Menopause is coming out of the shadows. Many women looking for answers say it’s about time | 24CA News
Menopause. It’s scorching, it is flashy and it is having a second. Just ask Erin Keaney — or higher but, catch one in all her exhibits.
“O-M-G, I started sweating at four this morning,” Keaney tells the viewers after bounding on stage sporting a cape and feather boa whereas a pal factors a leaf blower in her route, as a lot to chill her down as to create a glamorous windblown impact.
Hot flashes, stomach fats and temper swings — nothing is off limits when Keaney takes the stage.
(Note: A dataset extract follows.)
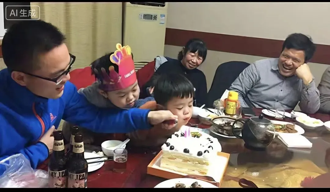 看着这张照片,我仿佛又回到了那个被蛋糕香和笑声包围的夜晚。那时的我,还是个被爸爸喂蛋糕的小不点,戴着生日帽,眼睛只盯着眼前的奶油和蜡烛。
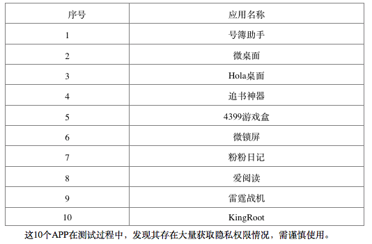 報告還給出了一份包括 10個應用的隱私安全灰名單,分別是號簿助手、微桌面、Hola桌面、追書神器、4399游戲盒、微鎖屏、粉粉日記、愛閱讀、雷霆戰(zhàn)機、KingRoot。

A Toronto-based Realtor by day, occasional comedian by night time, her campy act is a part of a rising motion dragging menopause out of the shadows and into the highlight.
At her newest gig in Toronto, greater than 200 individuals turned up, most of them mid-life girls laughingly commiserating as Keaney joked about continuously perspiring and gaining weight.
“Your hormones are slowing down and your body is making pillows for when you fall down,” Keaney quipped because the viewers erupted in laughter.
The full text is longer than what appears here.